Business World

Tuesday 17 October 2017

In Brief: Agar may access legal documents

BUSINESSMAN David Agar is entitled to access legal documents in which his former business partner and close friend made serious allegations against him, a High Court judge has ruled.

George Tracey made the allegations concerning misappropriation of funds when unsuccessfully opposing a claim by AIB for summary judgment orders for €18m against him arising from various loans. Mr Agar, who was not a party in that case, emphatically rejected the allegations, Mr Justice Gerard Hogan said yesterday.

Bankia shares cut to just one cent

Spain has cut the nominal value of shares in rescued lender Bankia to one cent, down from €2 each in a debt swap that will practically wipe out existing stockholders in the nationalised lender.

Holding company BFA will own about 7pc of Bankia following a €15.5bn recapitalisation approved by the Spanish rescue fund. Investors who bought subordinated debt or preferred shares will end up with about 30pc of the bank's stock. Spain's bank rescue fund fixed the price as the basis for converting €4.8bn of securities including preferred shares and €10.7bn of so-called contingent convertible bonds into stock as part of the rescue of the bank.

Schroders looking to buy Cazenove

Europe's biggest publicly traded money manager, Schroders, is in talks to buy investment business Cazenove Capital, which has £18.7bn (€21.9bn) in assets. Schroders is thought to have £1.14bn of surplus capital for acquisition purposes.

The combination of Schroders and Cazenove Capital would bring together two of London's oldest firms, who can trace their histories back to the 19th Century.

BP will buy $8bn of own shares

BP will buy back $8bn (€6bn) of shares from investors after completing the sale of 50pc of Russian oil producer TNK-BP.

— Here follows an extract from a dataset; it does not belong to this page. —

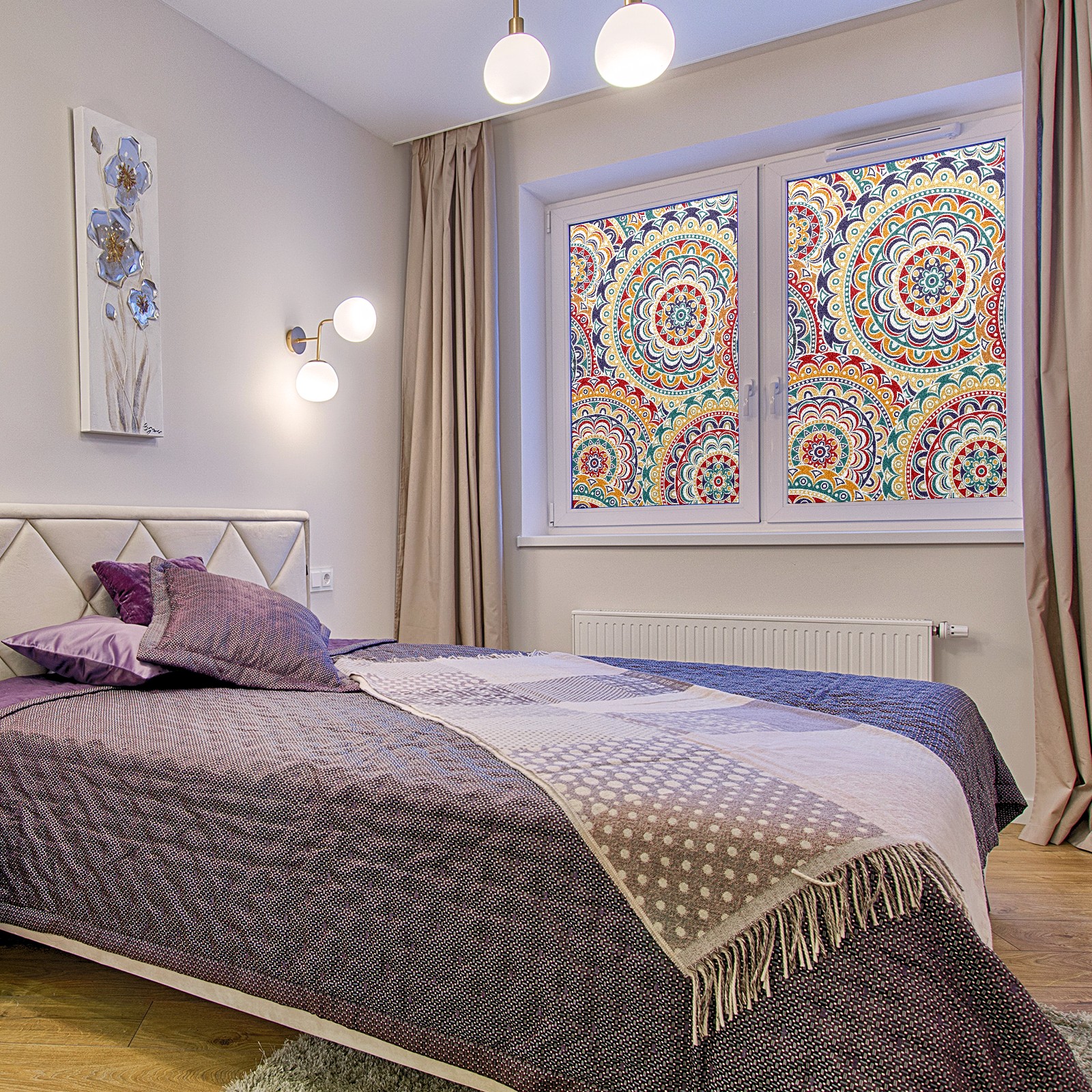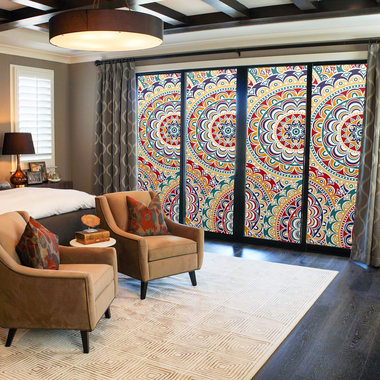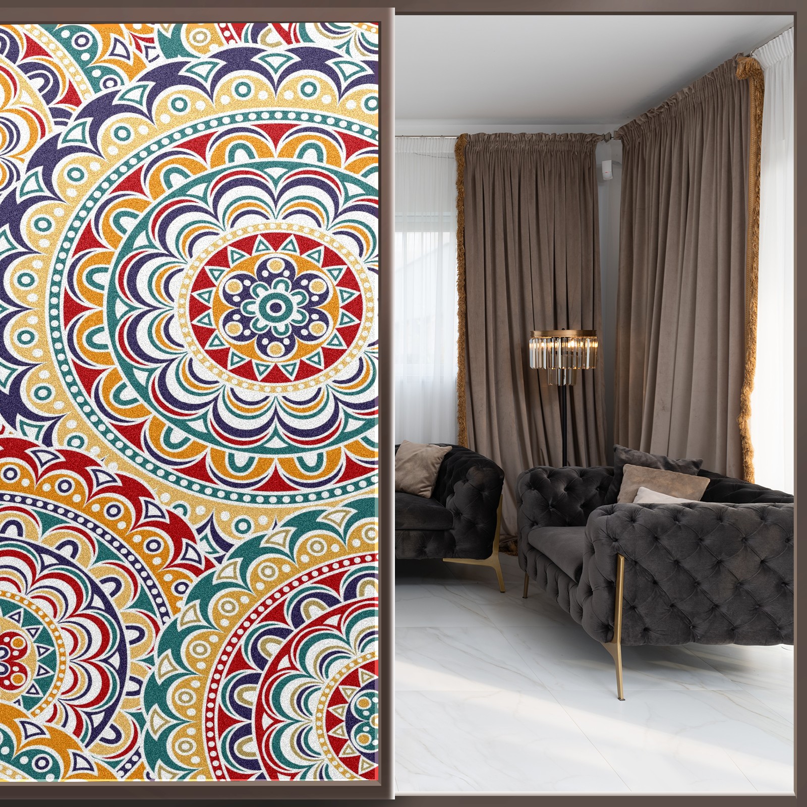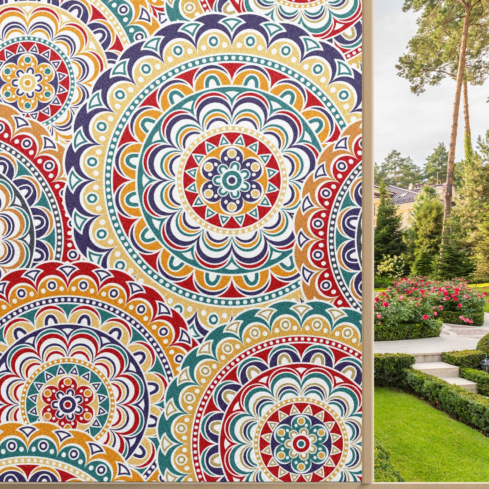Static Cling Decorative Window Film Frosted Privacy Film Window Clings for Glass Windows No Glue Window Sticker for Bathroom Bedroom Office Boho Ethnic Mandala Floral
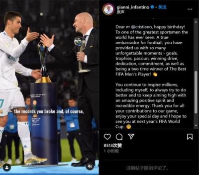 体育资讯2月6日报道宣称 C罗度过了自己40岁的生日,国际足联主席因凡蒂诺也向他送上了生日祝福,表示期待在2026年世界杯中见到C罗。

BP's first buyback since 2008 will return the original amount invested in the venture 10 years ago. The sum is twice as much as chief financial officer Brian Gilvary signalled last year would be enough to offset earnings lost from selling the stake in Russia's third-largest producer. BP shares have slumped since the 2010 Gulf of Mexico oil spill, and the company faces fines after a trial in New Orleans. "This shows confidence for BP," said analyst Iain Reid. "It makes them more shareholder-friendly, but I don't think they'll recover until the trial is over."